Can I add reverb?

“Can I add reverb?” is probably the most frequently asked question of all.

The short answer:
Yes, but it’s not trivial, and it’s difficult to get it sounding good.

The long and detailed answer:
Reverb is a time-domain effect, and is best placed AFTER compression and distortion. If you look at the typical FX chain in a multi-FX pedal, guitarist pedal-board, digital modeller or backline+PA rig, you will almost always find that reverb is the last effect applied. The reason is that it sounds natural and musical.

If reverb is applied to a signal BEFORE distortion and/or compression, the result is messy. The compression causes the natural reverb tail to be increased in volume in relation to the initial transient and the dry guitar signal. So instead of the reverb being able to tail off naturally (as it does when played through a clean amplifier), the decay of the reverb gets boosted, and it can sound boomy and this makes it hard to mix in with the dry signal. Typically you end up reducing the reverb and/or distortion levels to try to stop this mess from smearing the dry signal.

What has this got to do with the WF-55, SE-5a, PP-18, SL-18, PP-36, etc? Well, all of these amplifiers are designed with power valve distortion as a significant part of the amp’s overall distortion tone. So, if you were to place a reverb circuit within the amplifier’s preamp signal path, you get the problem mentioned above – the power valve distortion and compression messes with the natural reverb. This is true of many vintage-style amplifier circuits, too: Tweed Deluxe, Vox AC-30, JTM45, etc.

So why not keep the power amp clean?
That’s usually the best approach, but – of course – you lose the power valve’s contribution to overdrive and distortion tone. In most vintage-style amplifiers you end up with a very clean amplifier tone, because there’s little distortion in the preamp circuit itself. It’s no coincidence that the best sounding vintage reverb amplifiers are like this: the Fender Blackface and Silverface models, such as the Super Reverb and Twin Reverb.

To get good amounts of distortion and good-sounding reverb in an amplifier circuit, you need:
1) a preamp circuit that can provide plenty of distortion, running into…
2) the reverb circuit, running into…
3) a clean power amp.

For example, I like Rivera amplifiers (Paul Rivera designed many ‘80s Fender amplifiers before setting out on his own).

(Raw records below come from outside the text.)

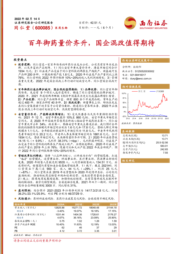 百年御药打造品牌护城河,国企混改值得期待:1)品牌优势:同仁堂百年御药传承,先后有9个项目入选非遗项目,铸造了同仁堂稳固的品牌护城河,2020年、2021年连续两年蝉联《胡润中国最具历史文化底蕴品牌榜》榜首。2)产品优势:同仁堂产品矩阵丰富,拥有800余个中成药品规,常年生产的超过400种,独家品种有40余种。3)混改优势:新董事长上任,邸淑兵先生在同仁堂集团旗下的多家子公司曾任要职,精通同仁堂各项业务。2022年正值国企混改三年行动计划收官之年,混改有望持续推进。
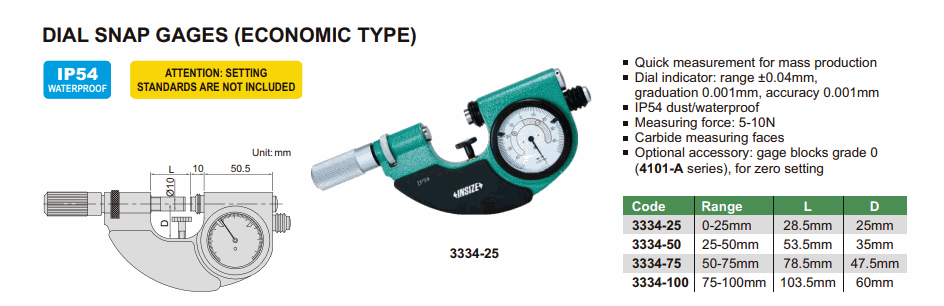 INSIZE 3334-25 Dial Snap Gage (0-25mm; 0.001mm; 0.001mm) | EMIN.CO.TH
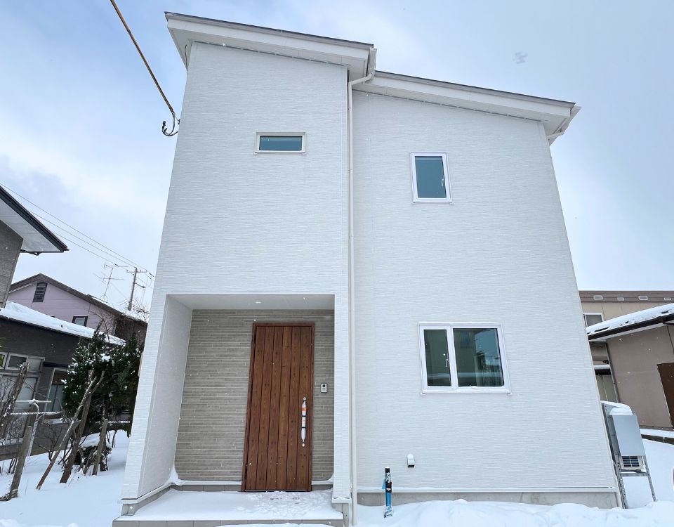 白を基調としたシンプルな切妻デザイン 所々に家族のこだわりが散りばめられたお家
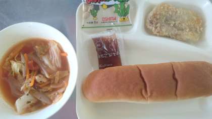 今日の給食は、一口とんかつ、ミネストローネ、豆こんぶ、コッペパン、いちごジャム、牛乳です。
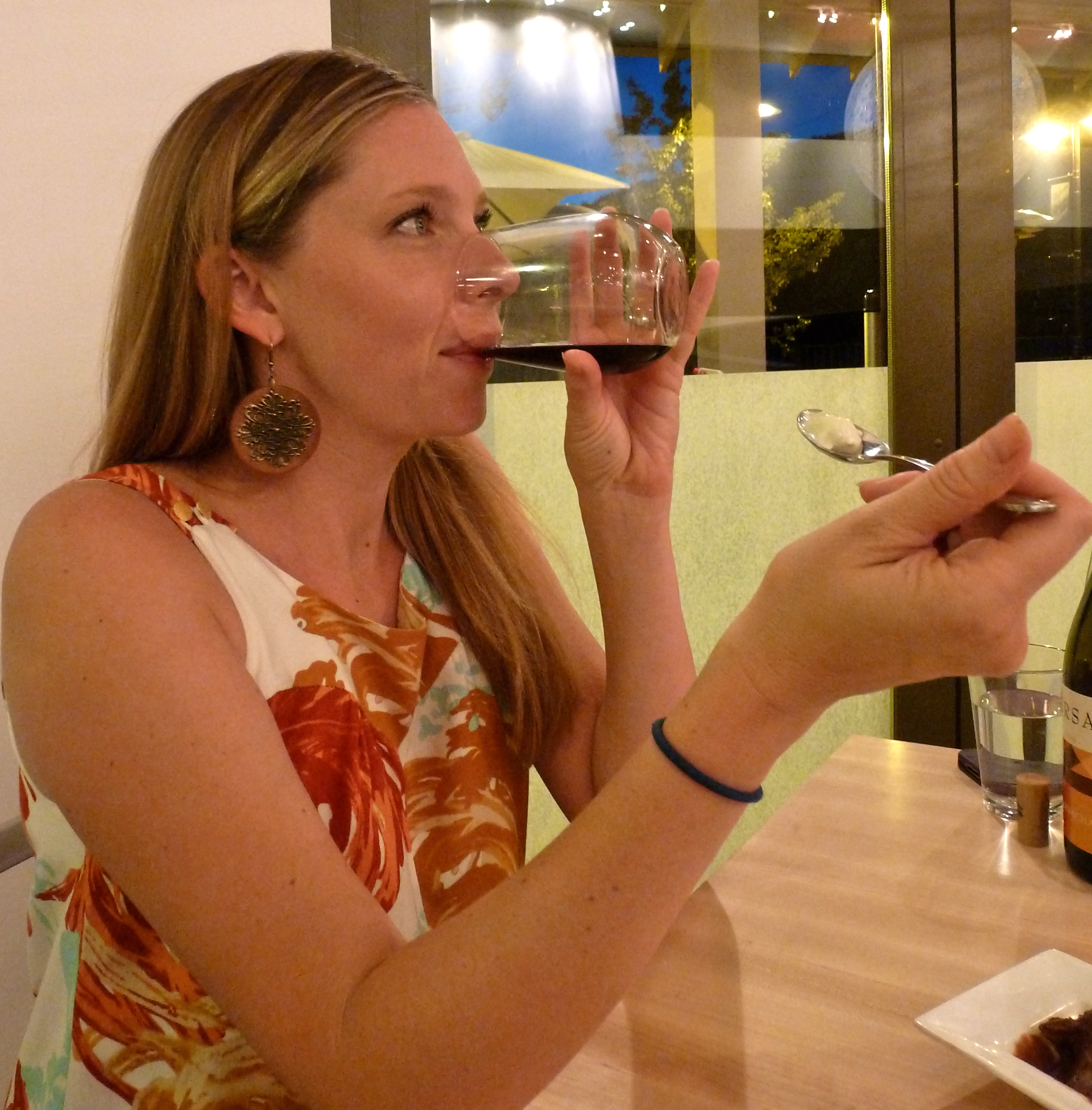 Contentedly halting my spiced honey gelato bite for a sip of wine.
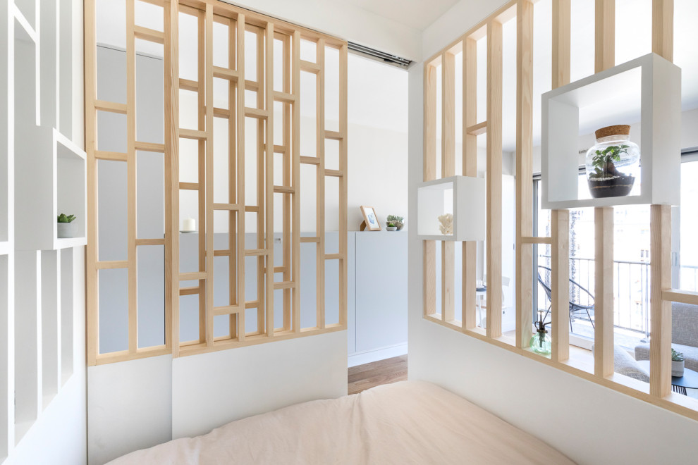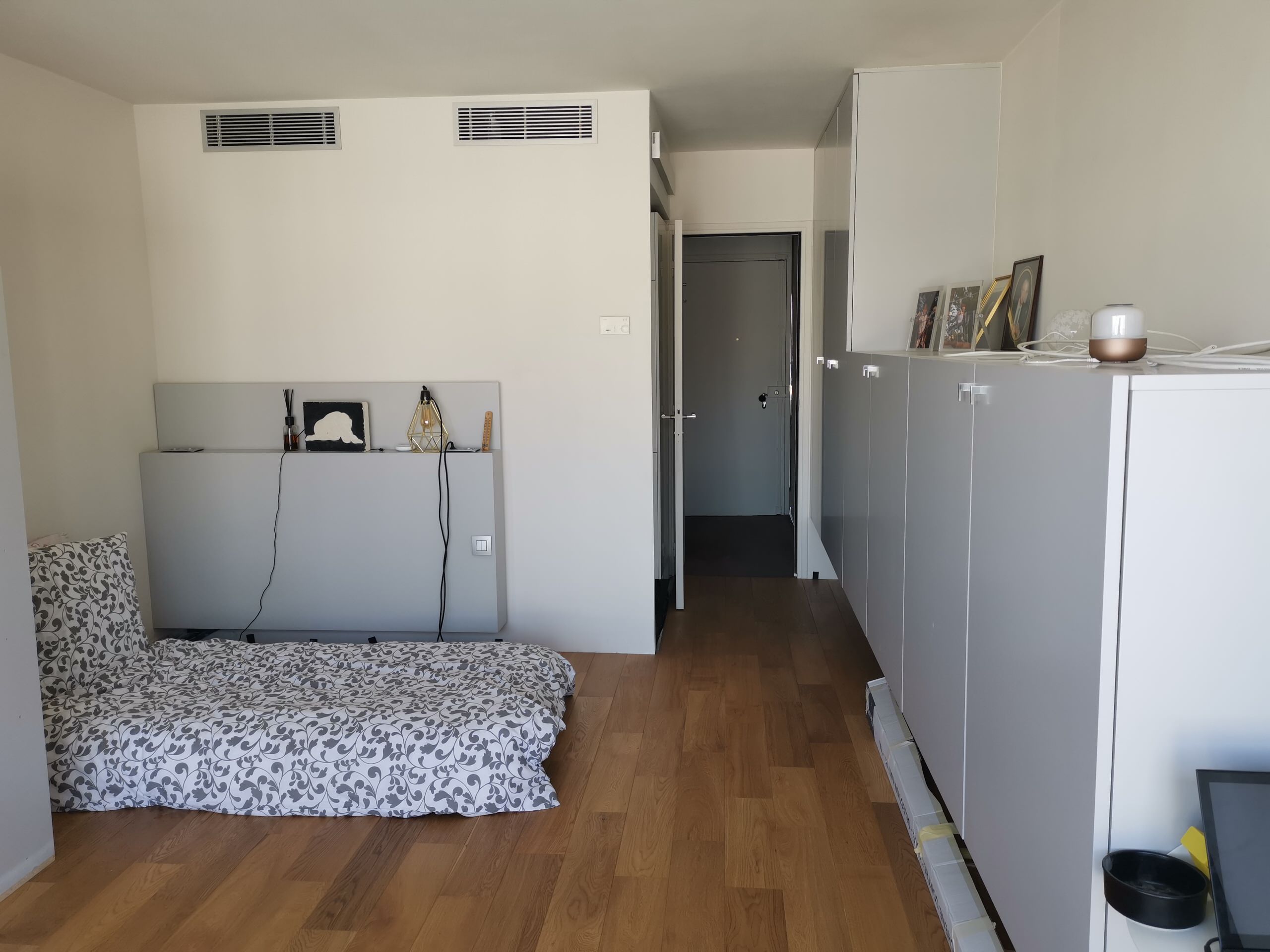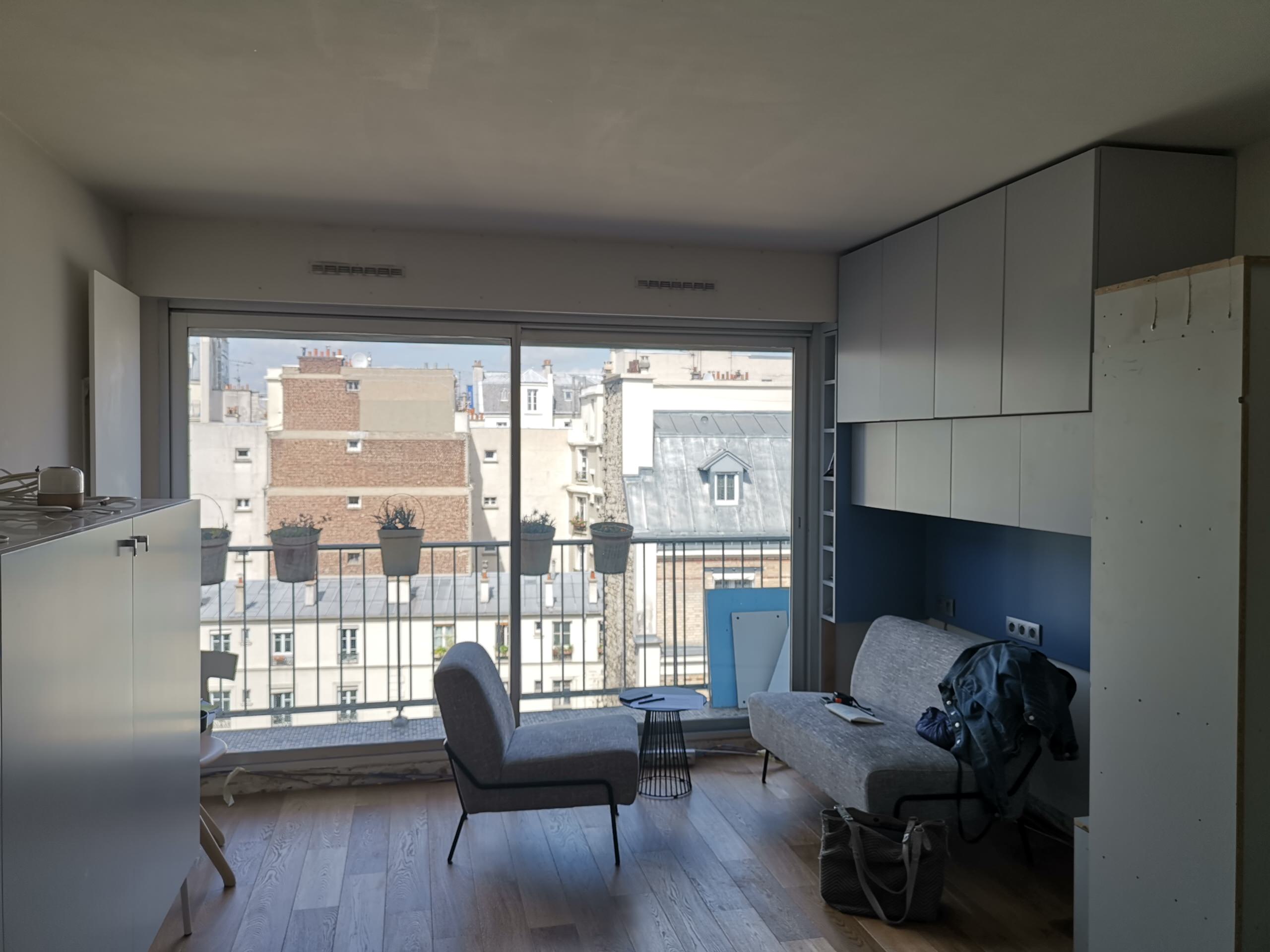Avant. Au septième étage d’un immeuble récent, le studio de 30 m² était en bon état général au moment de l’achat. Aménagé rationnellement, il disposait de pièces d’eau cloisonnées à l’entrée et d’une pièce de vie de 20 m² ouvrant sur une vue dégagée, prolongée par un balcon filant. Plusieurs placards de bonne facture, réalisés sur mesure, se trouvaient déjà dans le logement.

But this is a very different sounding amp to one that uses power valve distortion. It’s also quite a bit more expensive and significantly more complicated to build as a project.

Back to the Amp Maker amplifiers: we’d be adding 2 or 3 extra valves to achieve the same sort of distortion levels and to drive the reverb tank and recover the reverb tank’s output signal back up to a decent level to mix back in with the dry signal and then to drive the output valve(s). That’s such a big change that it’s better to start with a clean sheet of paper (IMHO!). Which I will do.